EXERCISE DESCRIPTION
Repeat every line from the line containing "保健室の前に置いてあるベンチの穴を使って、おはじき遊びをしている2年生。" to the end of the data, exactly. Leave the pictures out.

DATASET CONTENT

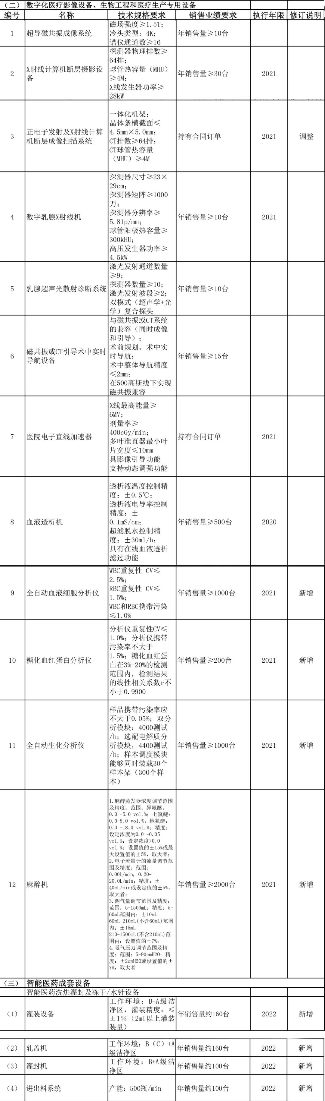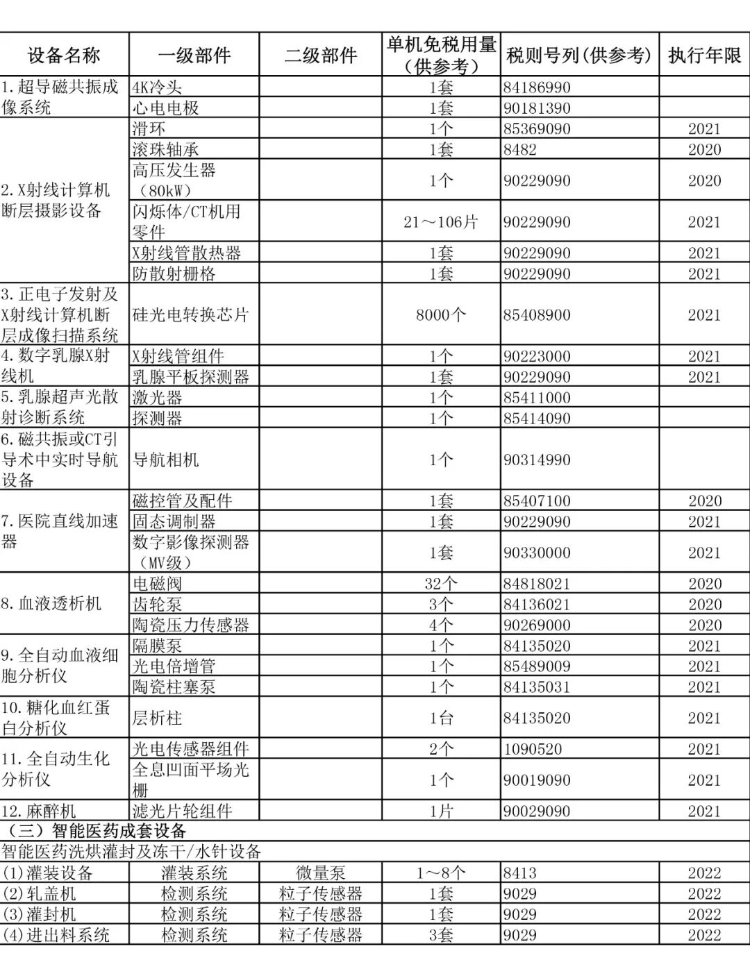 根据《国家支持发展的重大技术装备和产品目录(2019年修订)》和《重大技术装备和产品进口关键零部件、原材料商品目录(2019年修订)》,在“数字化医疗影像设备、生物工程和医疗生产专用设备”和“智能医药成套设备”类目中,包括1.5T及其以上超导磁共振系统、64排及其以上CT、PET-CT、数字乳腺X射线机、DR、磁共振或CT引导术中实时导航设备、6MV及其以上高能量医用直线加速器、以及血液透析机、全自动血液细胞分析仪、糖化血红蛋白分析仪、全自动生化分析仪、麻醉机、智能医药洗烘灌封及冻干/水针设备(包括灌装设备、轧盖机、灌封机、进出料系统)等医疗设备使用相关配件均在免征关税和进口环节增值税名单中(详见下文)。
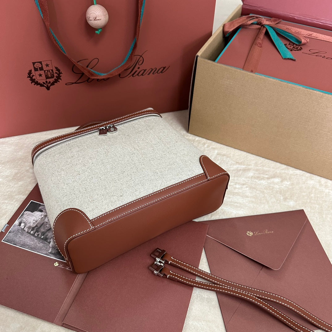 EXTRA POCKET BACKPACK L23.5 IN WHITE CANVAS AND BRONZE BROWN CALFSKIN
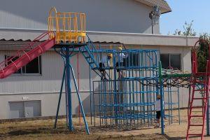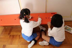 保健室の前に置いてあるベンチの穴を使って、おはじき遊びをしている2年生。
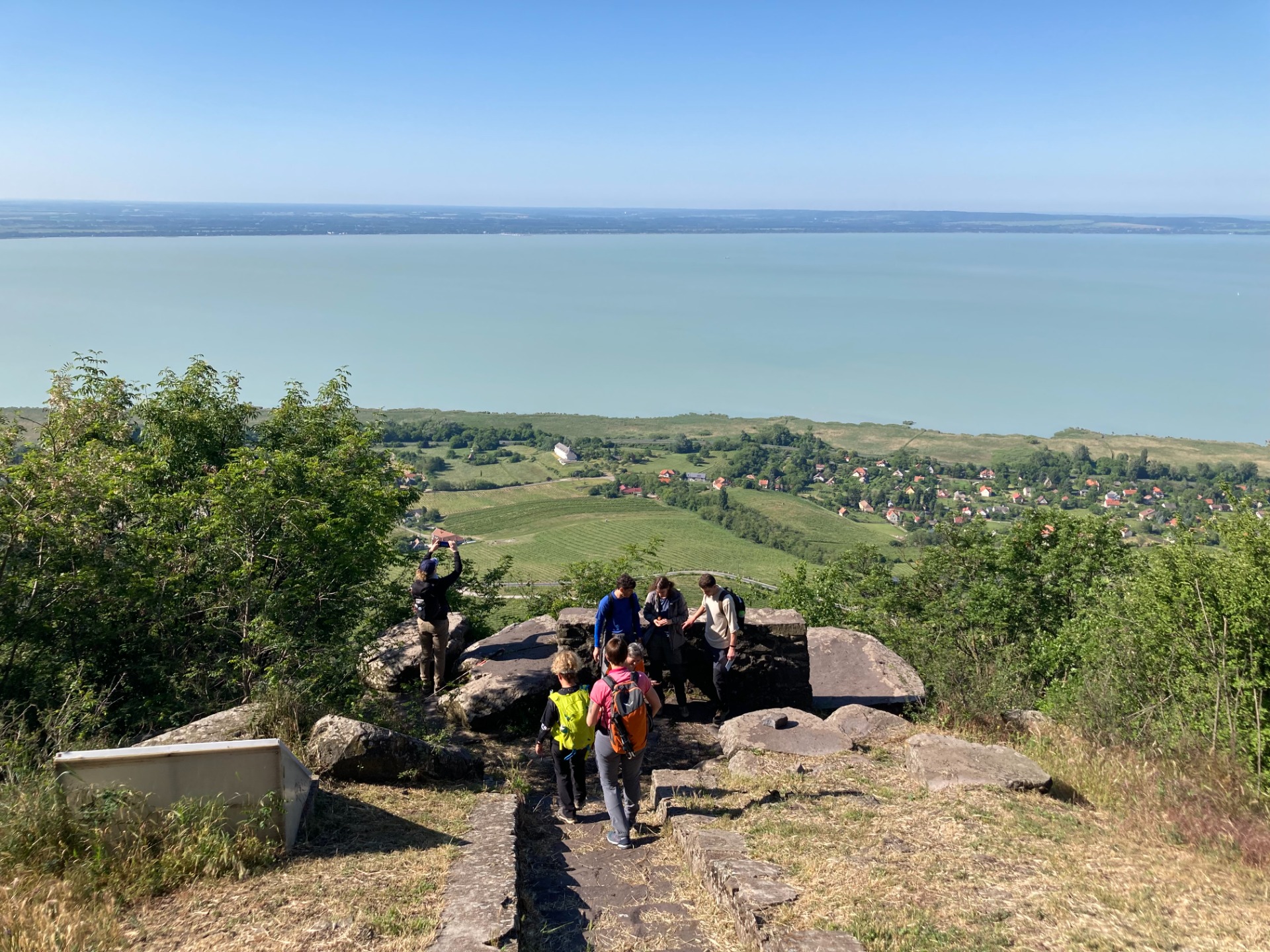 A Badacsony platóján aztán nagyon szép helyeken ment az útvonal, az első pecsételőhely a Ranolder keresztnél volt, csodás kilátással a tóra.

YOUR RESPONSE
 保健室の前に置いてあるベンチの穴を使って、おはじき遊びをしている2年生。
 A Badacsony platóján aztán nagyon szép helyeken ment az útvonal, az első pecsételőhely a Ranolder keresztnél volt, csodás kilátással a tóra.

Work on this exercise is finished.